*About this task:*
Would you return each record that follows word for word, without its pictures?
::::::::
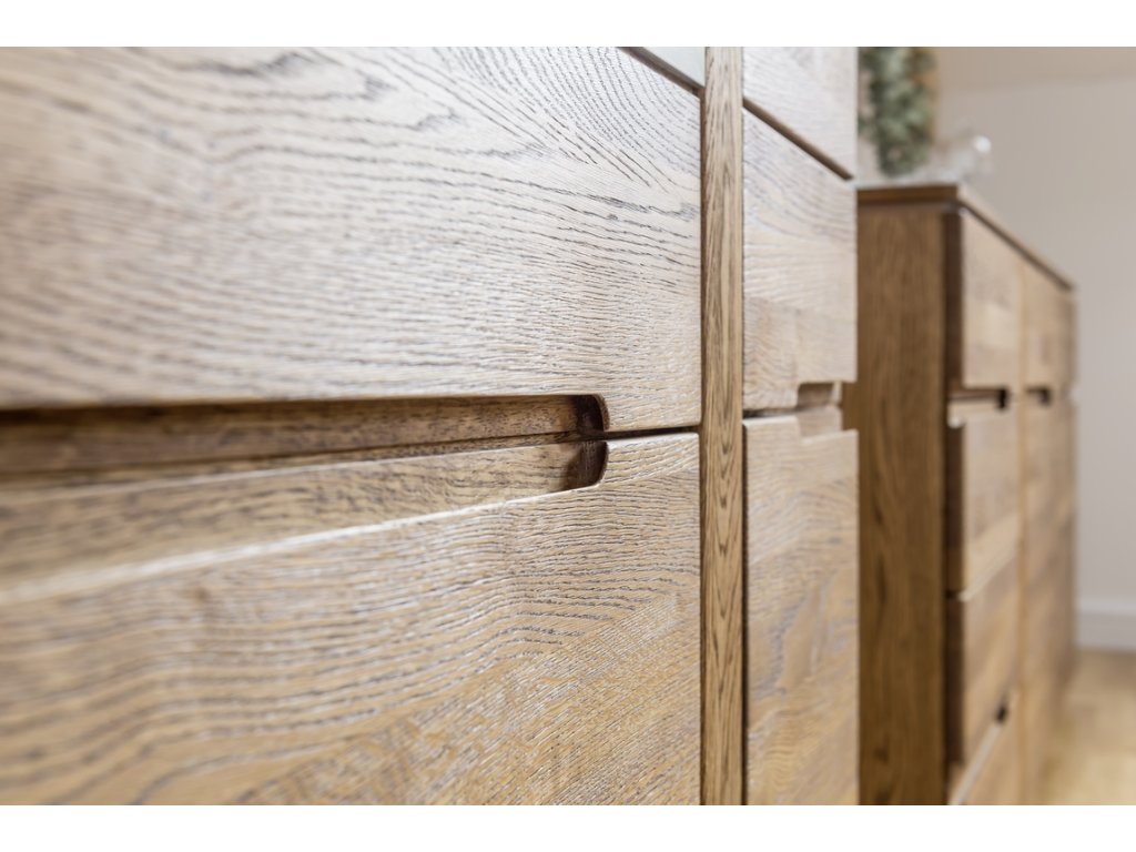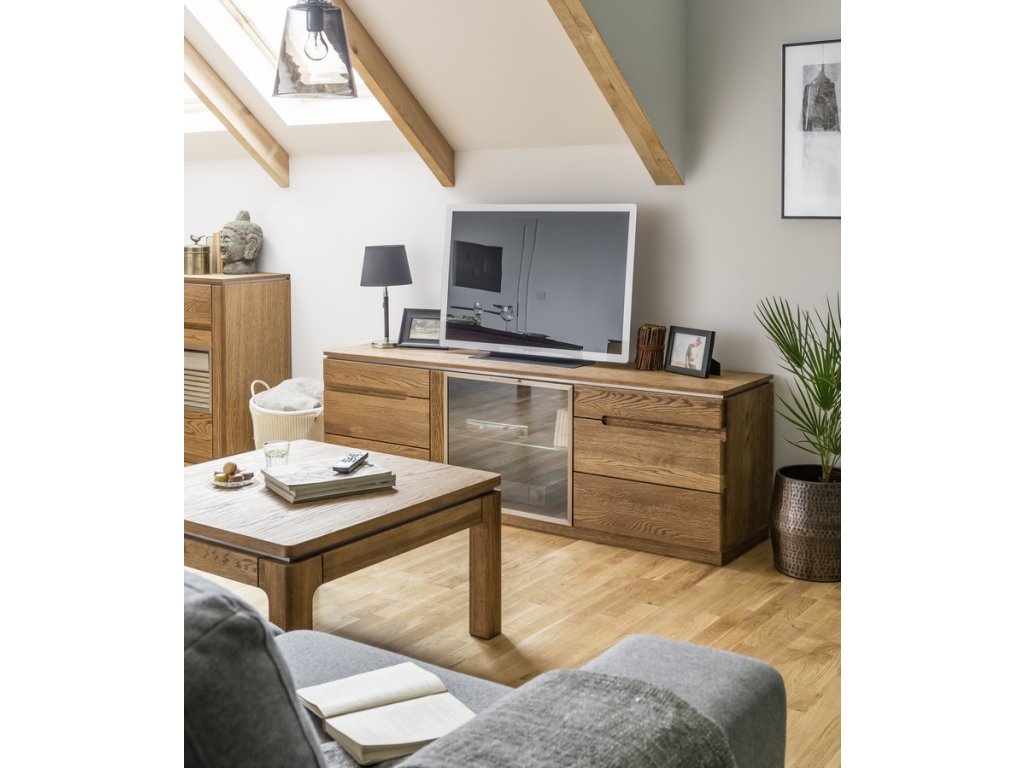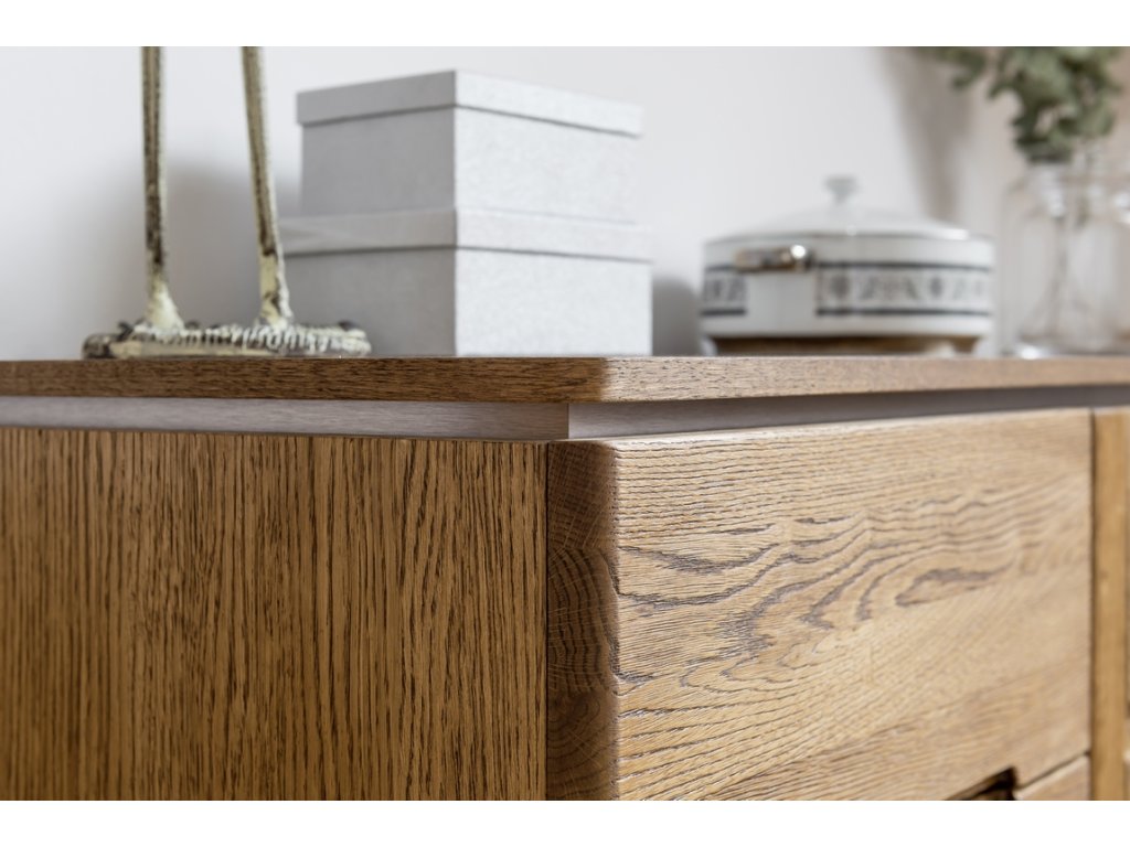 Komoda třídveřová prosklená. Jednoduché linie a kvalitní zpracování ve spojení s nadčasovým designem této řady dodají vaší jídelně nebo obývacímu pokoji jedinečný vzhled. Povrch vnějších částí je ošetřen olejem. Korpus je z vnější strany doplněn přírodní dubovou dýhou, vnitřní strana je z desky LTD v barvě přírodního dřeva. Dvířka jsou vyrobeny z masivního dubu rustikal, sklo je tvrzené v ocelovém rámu. Úchyty jsou vyfrézované do přední desky, ve střední části je úchyt kovový integrovaný v rámu skla. Možno dokoupit LED osvětlení. Dodáváme již ve smontovaném stavu.Buďte první, kdo napíše příspěvek k této položce.
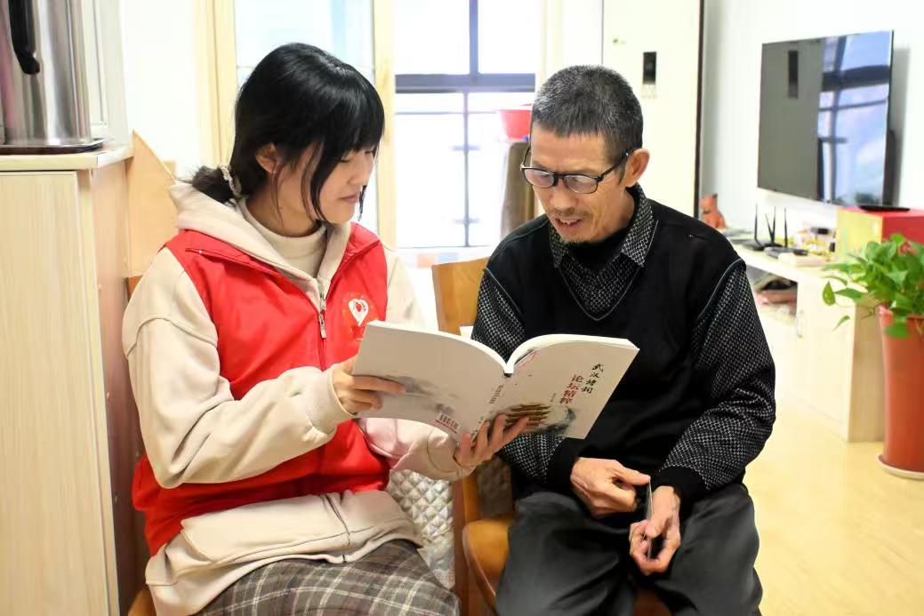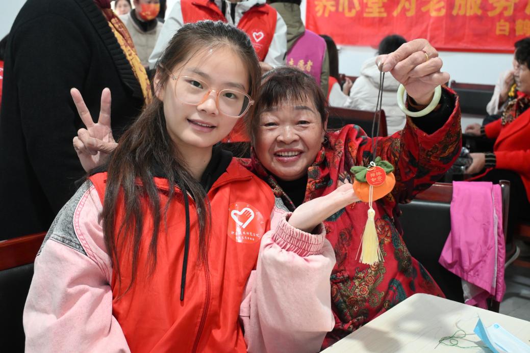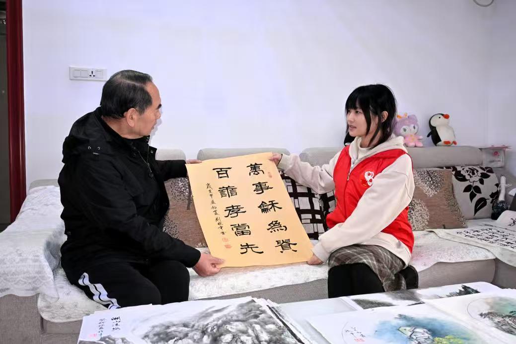 在给老人们传授新技能的同时,志愿者们也成了传统技艺的聆听者与记录者——书画达人刘老师展卷挥毫,“万事和为贵,百善孝为先,”十二字遒劲洒脱,引得同学们赞叹连连;诗词“发烧友”王老师即兴吟诵原创诗篇《看渔门拆迁原址还建并更名“九龙湾”所感》,让大家在平仄韵律中感受到城市的变迁。
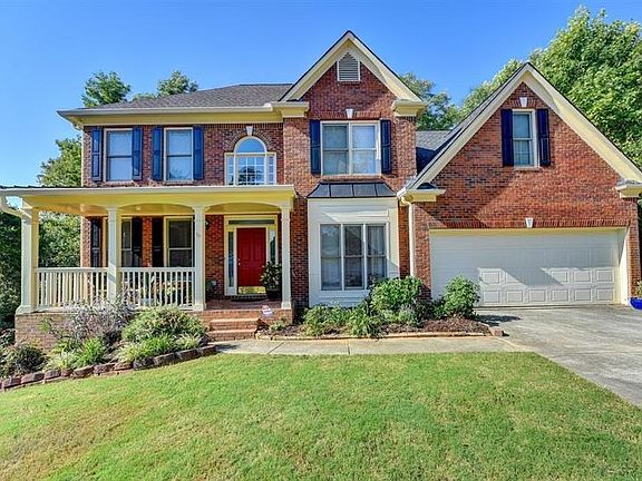 Perfect opportunity in desirable Morningview and North Gwinnett High School cluster. Brick front home w/ level driveway and large front porch. Open 2 story foyer and separate formal dining/living rooms. Wood floors through out main. Large family room with ample natural light. Kitchen has freshly painted white cabinets, granite counter tops, SS appliances and subway tile back splash. Open floor plan with view from kitchen to family room. Bedroom on main. Amazing master suite has double vanity, separate tub/shower. Huge 2 level deck with completely private backyard.
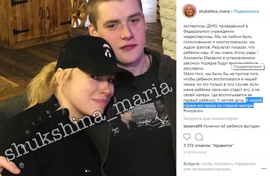 И мы очень этому рады! Алименты Макаром в установленном законом порядке будут выплачиваться регулярно», — написала Шукшина.
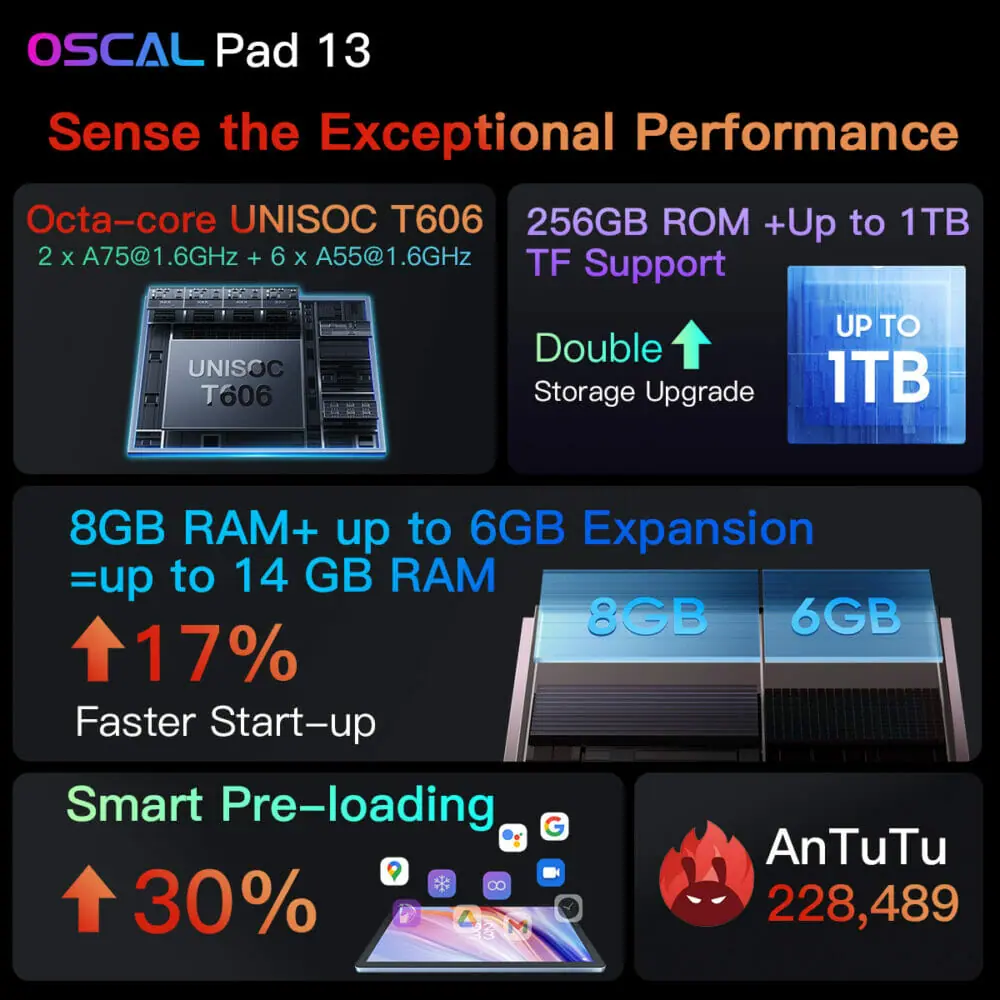 Oscal Pad 13は、Unisoc T606 オクタコアプロセッサーとMali-G57グラフィックスプロセッサを搭載しており、要求の厳しいゲームアプリも快適に動作する高性能なタブレットとなっている。8GB RAMを搭載しており、最大14GB RAMまで拡張可能。複数のアプリを同時に開いてもタブレットはスムーズに動作する。
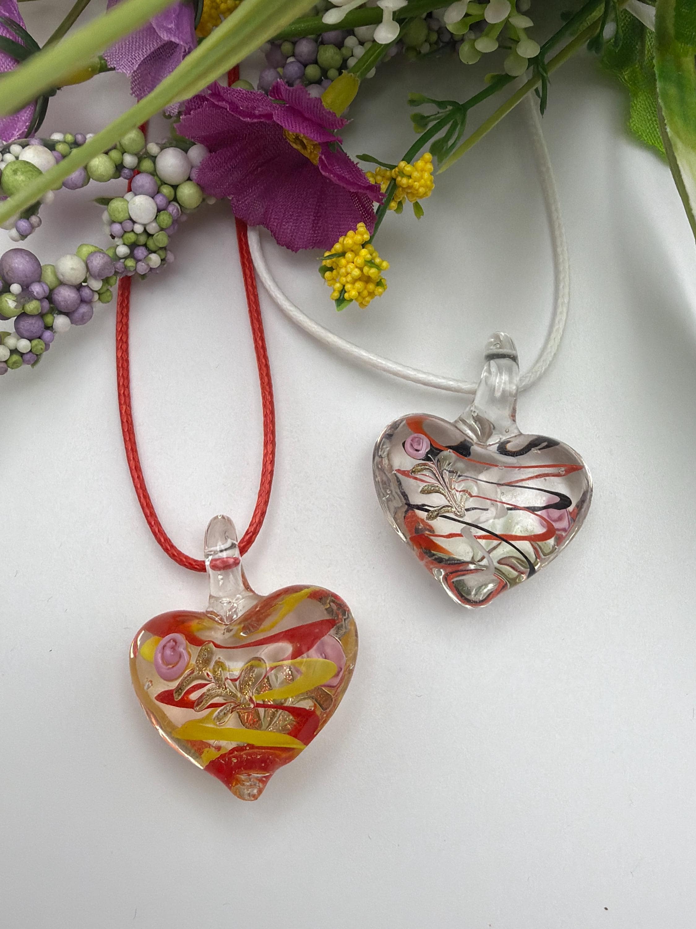 Swirl Heart Pendant | Murano Inspired Glass Heart | Glass Heart Pendant Necklace
::::::::
*Solution to the problem:*
 Komoda třídveřová prosklená. Jednoduché linie a kvalitní zpracování ve spojení s nadčasovým designem této řady dodají vaší jídelně nebo obývacímu pokoji jedinečný vzhled. Povrch vnějších částí je ošetřen olejem. Korpus je z vnější strany doplněn přírodní dubovou dýhou, vnitřní strana je z desky LTD v barvě přírodního dřeva. Dvířka jsou vyrobeny z masivního dubu rustikal, sklo je tvrzené v ocelovém rámu. Úchyty jsou vyfrézované do přední desky, ve střední části je úchyt kovový integrovaný v rámu skla. Možno dokoupit LED osvětlení. Dodáváme již ve smontovaném stavu.Buďte první, kdo napíše příspěvek k této položce.
 在给老人们传授新技能的同时,志愿者们也成了传统技艺的聆听者与记录者——书画达人刘老师展卷挥毫,“万事和为贵,百善孝为先,”十二字遒劲洒脱,引得同学们赞叹连连;诗词“发烧友”王老师即兴吟诵原创诗篇《看渔门拆迁原址还建并更名“九龙湾”所感》,让大家在平仄韵律中感受到城市的变迁。
 Perfect opportunity in desirable Morningview and North Gwinnett High School cluster. Brick front home w/ level driveway and large front porch. Open 2 story foyer and separate formal dining/living rooms. Wood floors through out main. Large family room with ample natural light. Kitchen has freshly painted white cabinets, granite counter tops, SS appliances and subway tile back splash. Open floor plan with view from kitchen to family room. Bedroom on main. Amazing master suite has double vanity, separate tub/shower. Huge 2 level deck with completely private backyard.
 И мы очень этому рады! Алименты Макаром в установленном законом порядке будут выплачиваться регулярно», — написала Шукшина.
 Oscal Pad 13は、Unisoc T606 オクタコアプロセッサーとMali-G57グラフィックスプロセッサを搭載しており、要求の厳しいゲームアプリも快適に動作する高性能なタブレットとなっている。8GB RAMを搭載しており、最大14GB RAMまで拡張可能。複数のアプリを同時に開いてもタブレットはスムーズに動作する。
 Swirl Heart Pendant | Murano Inspired Glass Heart | Glass Heart Pendant Necklace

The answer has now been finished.